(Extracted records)

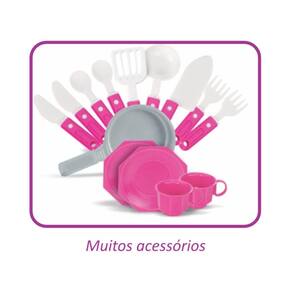 Além de possuir fogão, forno, pia, micro-ondas, geladeira e diversos acessórios, a brincadeira fica ainda mais divertida porque a torneira sai água de verdade, tornando a experiência muito mais realista. Um brinquedo lúdico, colorido e cheio de encanto, que garante horas de diversão e aprendizado para os pequenos chefs.
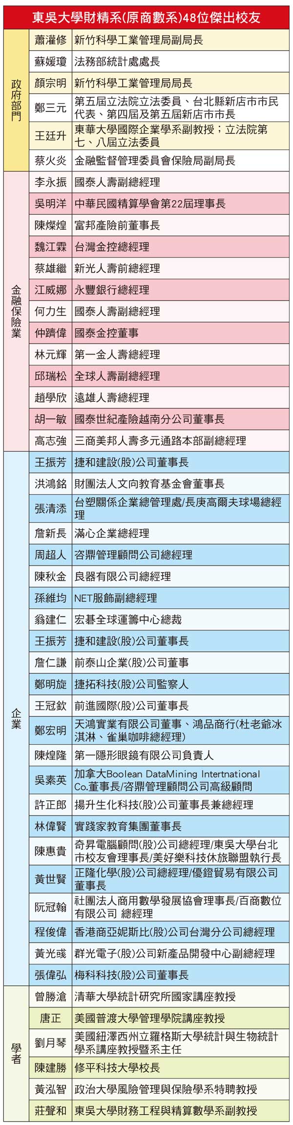 東吳財精系以商用數學的厚實底蘊,專注培育「商業決策分析」、「財務工程」與「保險精算」等專業人才。憑藉著優良校風、專業師資及系友的支持,累積無數傑出校友,備受產官學各界肯定。系友們傳承東吳大學「養天地正氣、法古今完人」的校訓,奉獻所學,以保險精算領域為例的傑出系友,包含金融監督管理委員會保險局蔡火炎副局長、中華民國精算學會吳明洋理事長、國立政治大學風險管理與保險學系黃泓智特聘教授、新光人壽蔡雄繼前總經理、第一金人壽林元輝總經理、富邦產險陳燦煌前董事長及國泰世紀產險胡一敏越南分公司董事長,以堅毅與熱情持續推動產業發展。此外,在各行業的傑出系友,包含12位於教育界及政府部門服務的官長、13位企業主與高階經理人及13位金融保險業資深經理人擔任本系傑出系友,皆成為學弟妹的榜樣,也為台灣高等教育奠定札實根基。東吳大學第一至三屆財精系(原商數系)48位傑出系友(詳右表)。
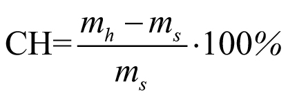 para determinar el CH. Donde mh es la masa húmeda, previa a ser introducida al horno, y ms es la masa seca, luego de 30 minutos a 125 °C.
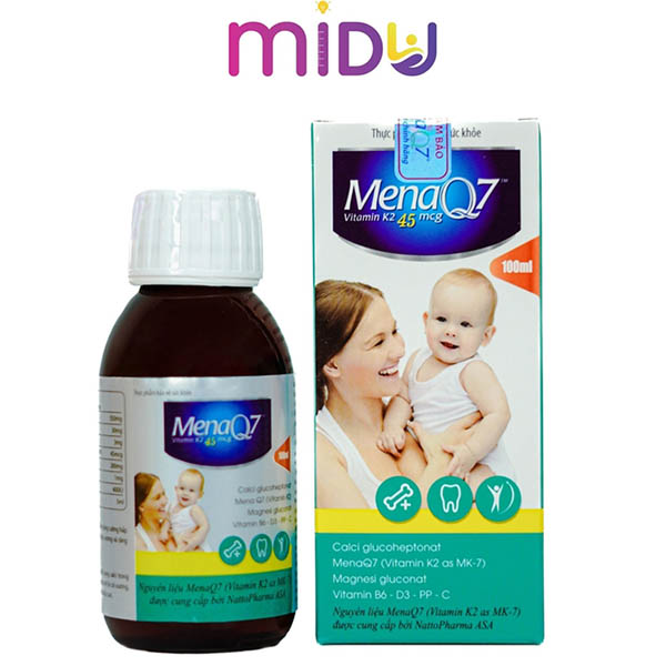 Midu MenaQ7 là thực phẩm bảo vệ sức khỏe chứa MenaQ7, Calci, Vitamin D3 và các dưỡng chất cần thiết, hỗ trợ tăng cường hấp thu canxi vào xương, giúp xương chắc khỏe, tăng chiều cao tối đa cho trẻ.
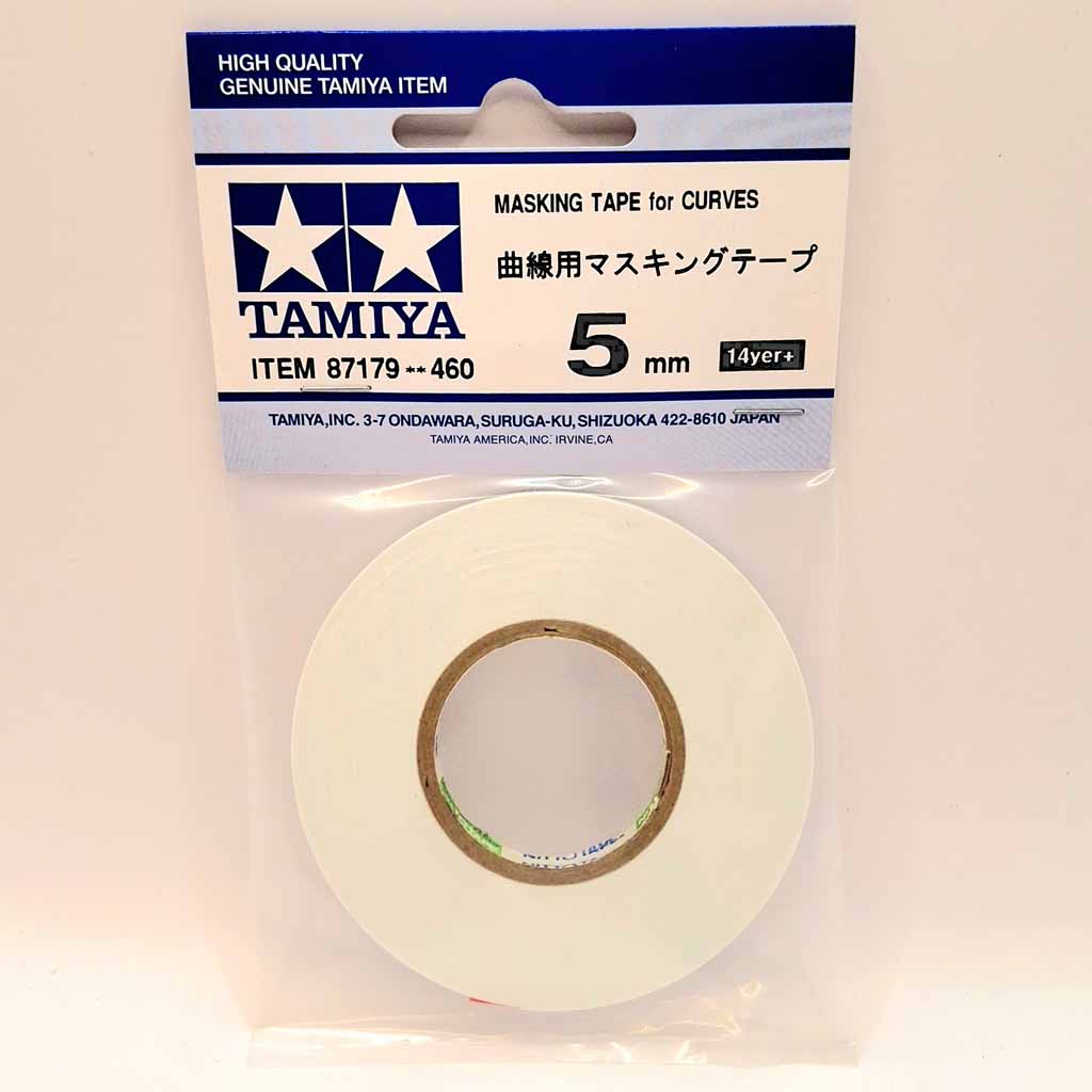 Tamiya 87179 5mm x 20metre Masking Tape for Curves. Masking is a job which modellers of all kinds of models in every scale must carry out, and it requires precision to ensure that your creation gets the perfect paint job. This masking tape helps in the process, allowing smooth and secure masking-off of curved lines where standard masking tape would sustain creases and possibly let paint seep underneath. This tape is available in 3 separate widths to meet a variety of needs such as 2mm, 3mm and 5mm respectively. A soft resin material is used, allowing the tape to adhere in a curved line while preventing paint from seeping into masked off areas.
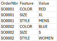 Column C - if the feature = size, list size, if not leave it blank
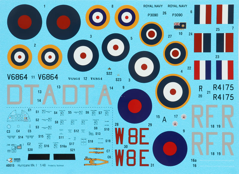 The Techmod-printed decals offer three Battle of Britain-era aircraft plus one war-weary example in Royal Navy service:
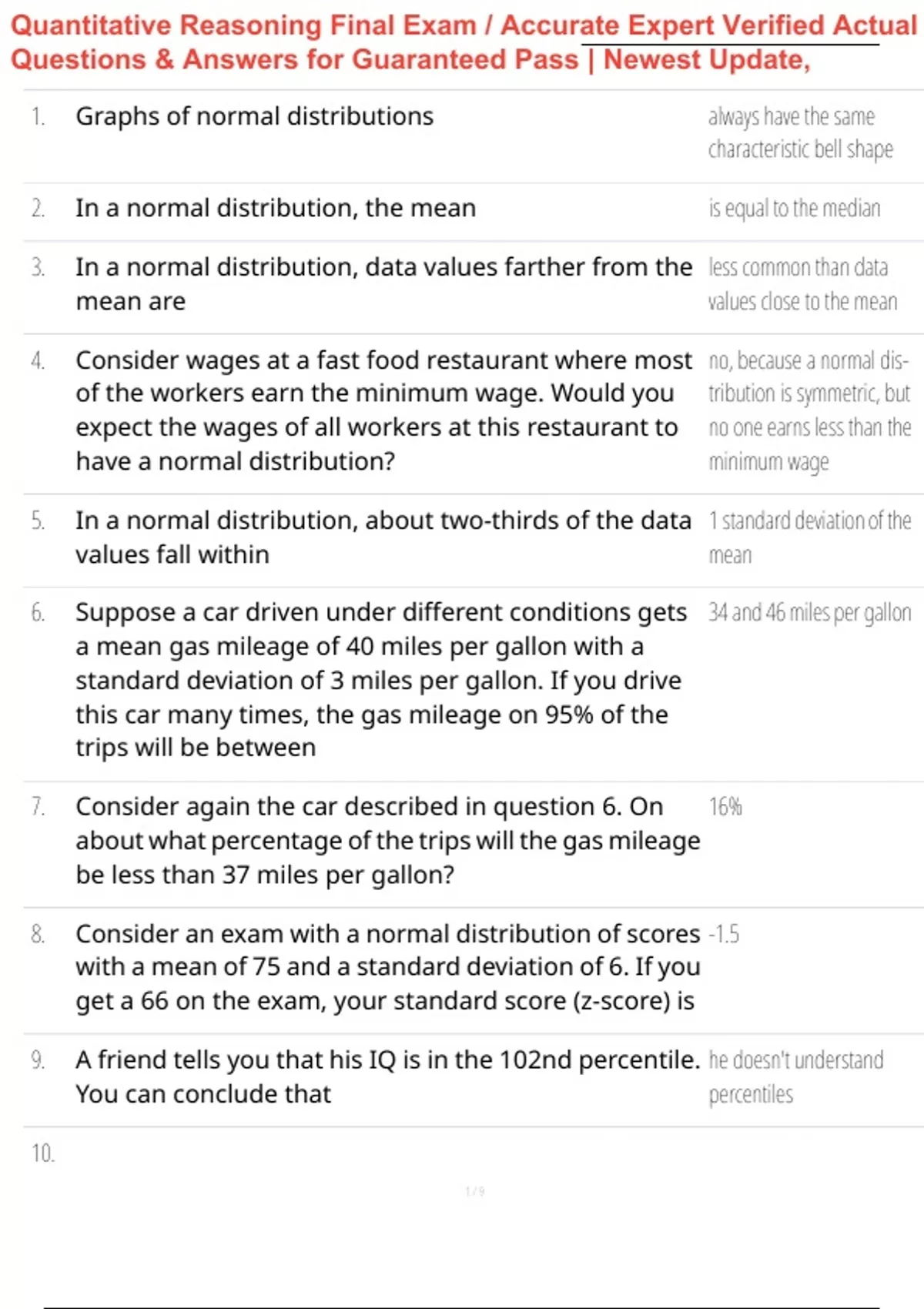 9. A friend tells you that his IQ is in the 102nd percentile. he doesn't understand
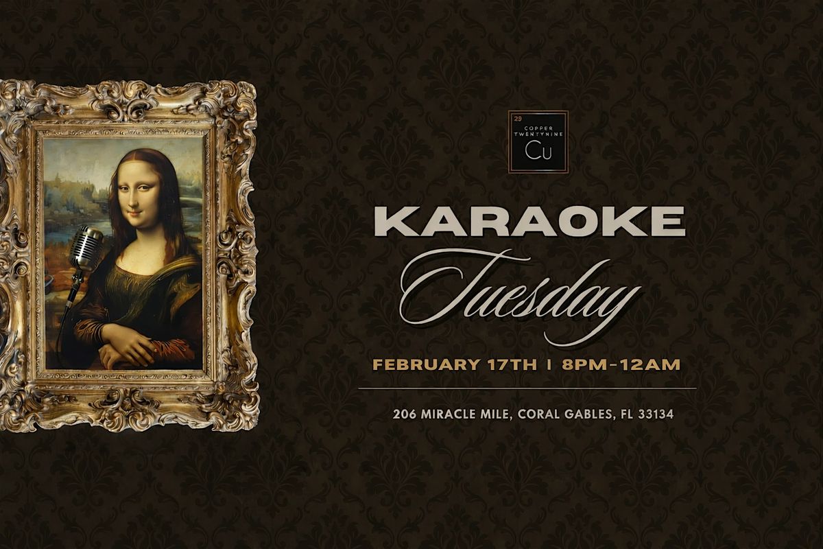 Turn your Tuesday nights into something worth looking forward to! Join us every Tuesday from 8 PM to 12 AM for Karaoke Tuesdays at Copper 29 Bar in Coral Gables, featuring crowd-favorite songs, craft cocktails, and a lively late-night bar atmosphere.
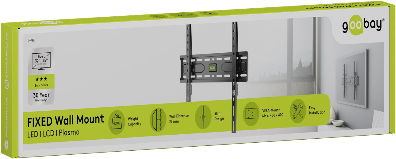 - Extra-flat TV mount for particularly space-saving wall mounting with only 2.7 cm wall clearance

ACTION ITEM: Exactly the lines from the line containing "Turn your Tuesday" to the end of the records need to be copied, both ends included, with pictures left out.

COMPLETED EXERCISE:
 Turn your Tuesday nights into something worth looking forward to! Join us every Tuesday from 8 PM to 12 AM for Karaoke Tuesdays at Copper 29 Bar in Coral Gables, featuring crowd-favorite songs, craft cocktails, and a lively late-night bar atmosphere.
 - Extra-flat TV mount for particularly space-saving wall mounting with only 2.7 cm wall clearance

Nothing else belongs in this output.